# US 82nd Airborne to Become Global Response Force



## Ravage (Oct 29, 2008)

FORT BRAGG, N.C., Oct. 28, 2008 -- If there’s one thing that keeps the 82nd Airborne’s deputy commander awake at night, he said, it’s competing requirements that could threaten the division’s ability to project no-notice combat power and conduct forced-entry missions.

Army Brig. Gen. William Mayville shared his concerns as the division’s 2nd Brigade Combat Team trains to re-assume its role in June as the U.S. global response force. In this capacity, the brigade will be on 24/7 standby, ready to deploy anywhere in the world within 18 hours.

Its mission, if called, would be to forcibly enter and seize a defended airfield, then build up combat power to support follow-on military operations.

The 2nd BCT will reclaim the longstanding 82nd Airborne Division role – one some say defines the All American Division’s very existence. The 82nd passed the mission to the 101st Airborne Division last year when it was called to deploy to Iraq as part of the troop surge. At the time, the division’s three other brigades were already deployed.

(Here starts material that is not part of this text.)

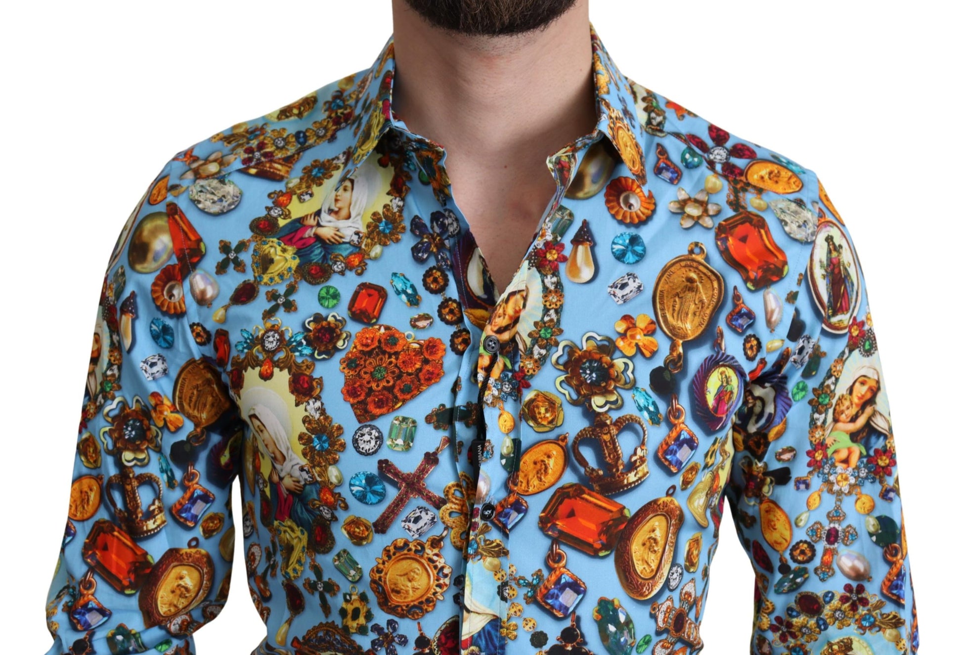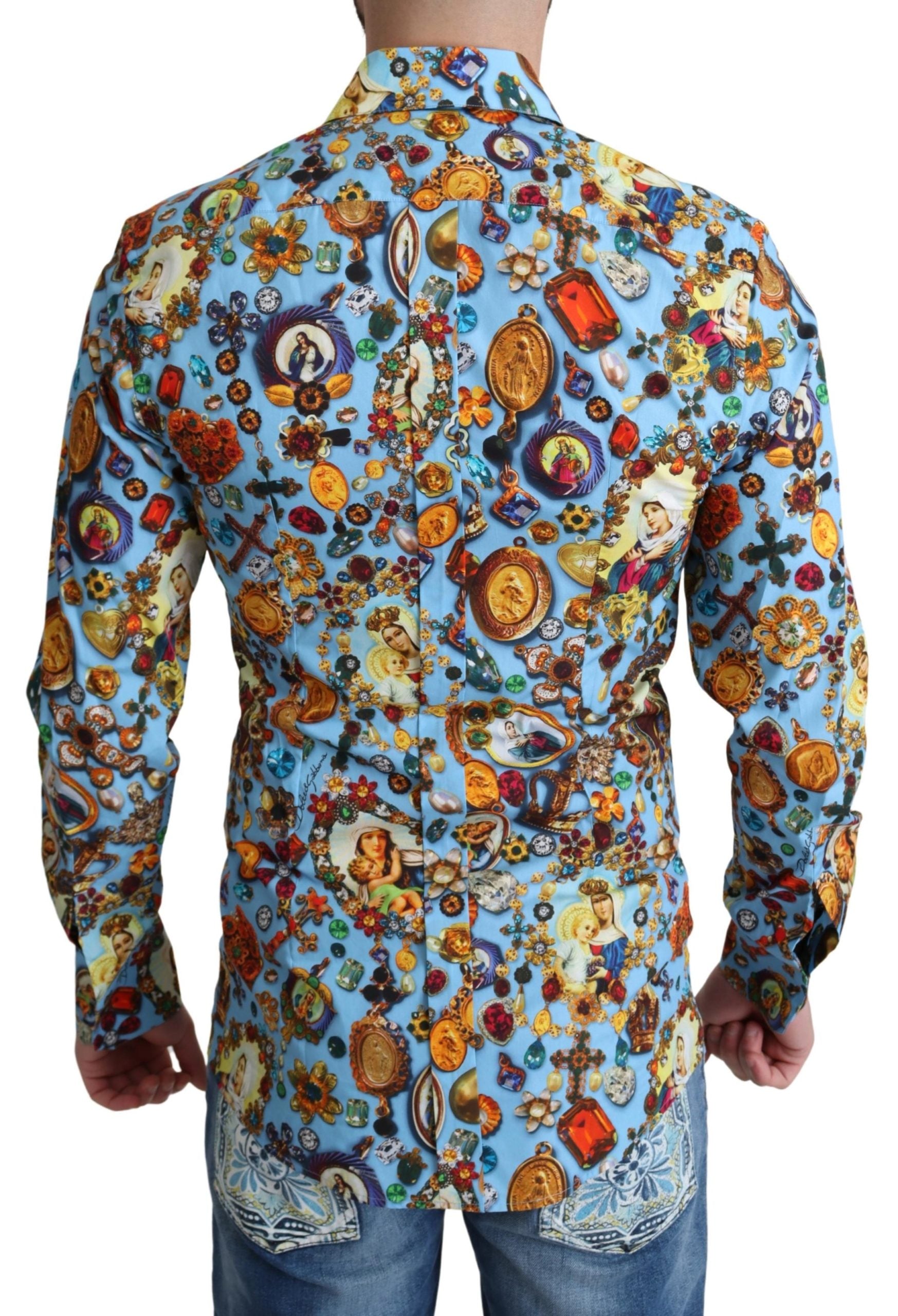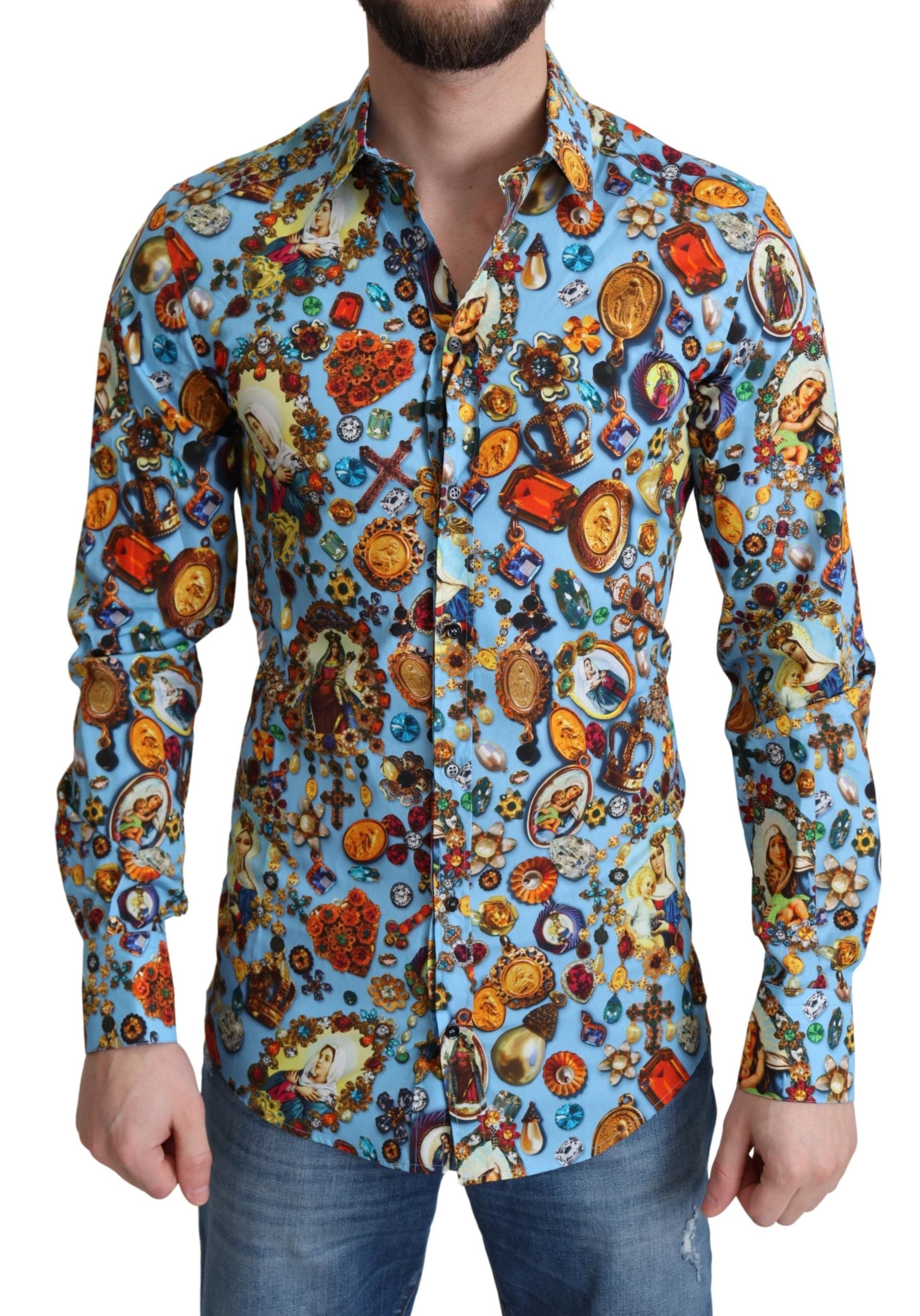 Absolut atemberaubend, 100% authentisch, ganz neu mit Tags Dolce & Gabbana Baumwolle Button Down Casual Shirt mit Schmuck drucken.

The deployment represented the first time since 2003 that the entire division was deployed from Fort Bragg.

“We shared the wealth with other people, because the whole 82nd was deployed,” said Army Command Sgt. Maj. Thomas Capel, the division’s top noncommissioned officer. “We didn’t want to leave the United States here without a force ready to answer the nation’s call if they were called to do something. And so we started passing it around to other divisions to pick up the slack.”

With the 82nd now enjoying what Mayville called “a rarity,” with all four brigades now home, the 2nd BCT is training up to resume its role as the ready brigade. Plans call for it to assume the mission for a full year, rather than rotating it among the division’s other brigades every quarter.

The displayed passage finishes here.